Venice, 1468. Wendelin von Speyer has just arrived from Germany with the foundations of a cultural revolution: Gutenberg's movable type. Together with the young editor Bruno Uguccione and the seductive scribe Felice Feliciano, he starts the city's first printing press. While Bruno and Felice become entwined in an obsessive love triangle with a beautiful Dalmatian woman named Sosia, Wendelin tempts the fates by publishing the first edition of the erotic...

Customer Reviews

5 ratings

Captivating

Fueled with love and desire, THE FLOATING BOOK pulls you under, casting its spell, drowning you into the fascinating world of 15th century Venice.

Old World Dream

I absolutly loved this book. I couldn't put it down and when I had to, I couldn't stop thinking about it. A beautiful and also horrible love story.

Poems, Printers and Lyric Floozies among the Canals

I first saw this book in JUST ARRIVED hardback section of BORDERS. It was the beautiful cover art (and the different typefaces) in the book. Being attracted to all things--literary (books about books), I bought it, thinking I'd be reading about a fabulous book printed in Venice by Wendelin von Speyer. I was expecting Von Speyer to be a Marco Polo of printers. But I found a more ordinary man (although no less fascinating) . . . truly I thought he had more merchant than artisan in his soul.

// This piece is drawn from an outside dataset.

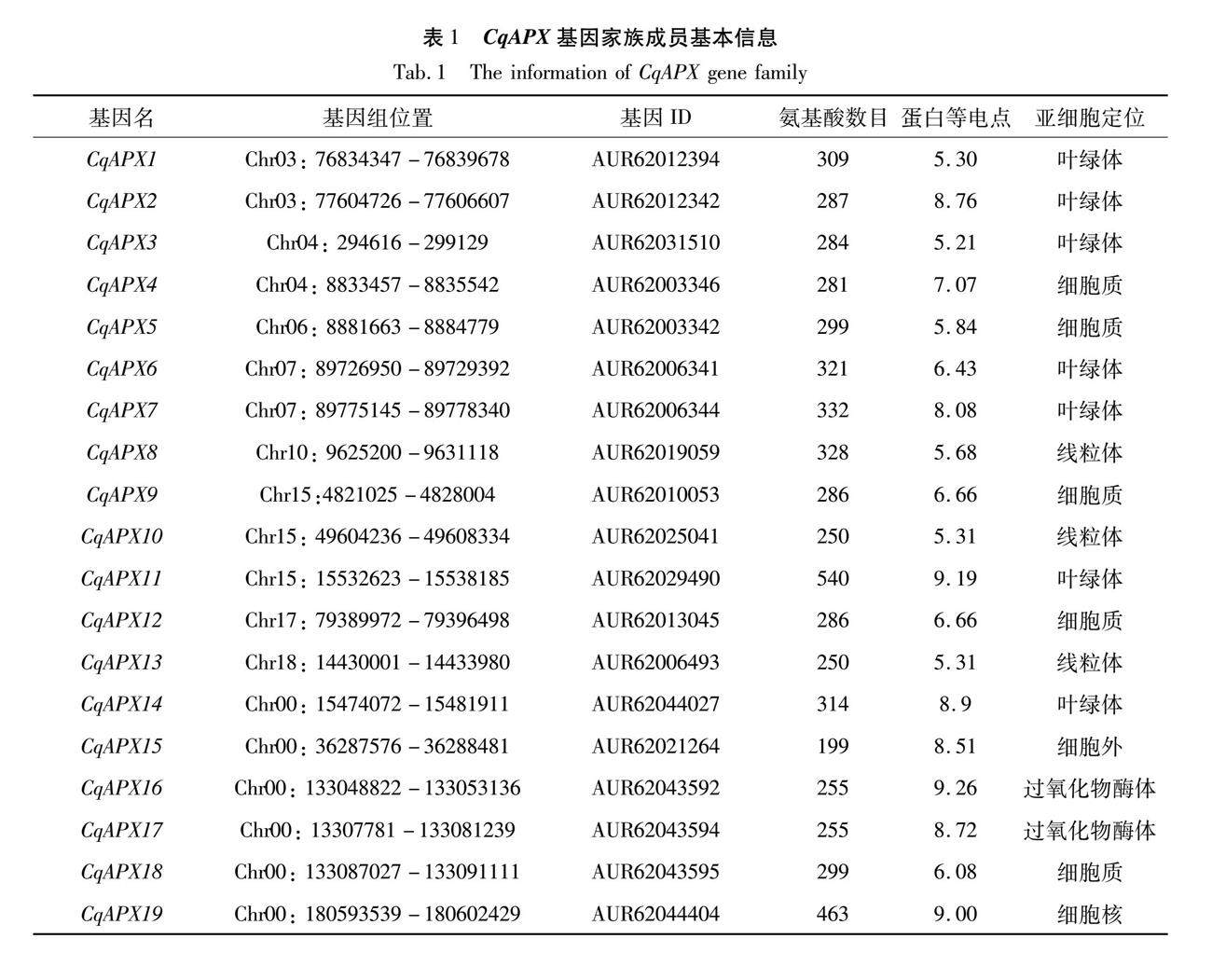 藜麦抗坏血酸过氧化物酶基因(CqAPX)家族生物信息学与表达模式分析

And this book is about how he tried to tailor himself into the peculiar suit of a Venetian of that day. The prose is beautiful. It reminded me of Tanith Lee, a dark fantasist and to a lesser extent, Patricia McKillip. But it took me a while to figure out that the use of a specific typeface was related to the narrator of the tale. There is Catullus who writes the book that Wendelin Von Speyer eventually prints several hundred years later-- at great personal cost. There is Wendelin himself, the German printer who remains an outsider of Venice . . . until the end of the book. There is his superstitious and annoying wife--Lussieta--who was so needy I wanted to choke her. There is the most fascinating nymphomaniac in literature, Sosia. And the strange nun/abortionist Gentilia who nursed an unhealthy love for Bruno, her brother who is one of Sosia's legion of lovers. (Her scruples, such as they are, allow her to bed only Venetians.) There's Fra Fillipo--the Pat Robertson of Venice and his little pervy sidekick, Ianno who has a very lively and picturesque birthmark on the side of his head. All these characters' lives revolve around Catullus book. How can one not be enamoured by this story. And there's a killer ending too!!!! This would be a great HBO mini-series.

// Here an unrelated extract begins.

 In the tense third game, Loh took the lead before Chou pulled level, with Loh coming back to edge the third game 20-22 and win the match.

A book that has everything

Gorgeous prose, vivid social and cultural commentary, an evocative portrait of the most romantic city in the world, astonishing historical detail, and the steamiest sex to adorn a serious novel since "The Crimson Petal and the White" are all packed into this wonderful book. The plot is gripping, the history is real, the writing is mesmerizing. If you are going to Venice soon, "The Floating Book" will enhance your trip. If you can't get there, the novel is not a bad consolation.

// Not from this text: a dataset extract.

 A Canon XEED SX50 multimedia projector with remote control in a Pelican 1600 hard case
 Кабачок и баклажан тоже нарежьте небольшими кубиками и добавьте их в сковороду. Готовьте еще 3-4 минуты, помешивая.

Just too much; but still a good read

This could have been an absolutely fantastic historical novel; however, I feel the author attempted to intertwine too many characters and too many plot lines. Bringing the German printing press to Venice provides a great backbone for the plot; however, the switching back and forth to the ancient poet and the sexual escapades of some woman named Clodia is just confusing. I guess the author wanted us to become as enthralled with the erotic poems as the Venetians were; however, for me it just didn't work. The details of the city, the differences in personality between the Venetians and the German printer, the superstitions, and the effect of the printing press are wonderful. In all, very good historical read, but one that I almost abandoned due to excesses -- in wording and in characters. (Sometimes I had to stop to read a sentence over and ask myself "what in the world did that mean?"). The character of Sosia is as one editor described "over the top" while other characters such as von Speyer are easily believable.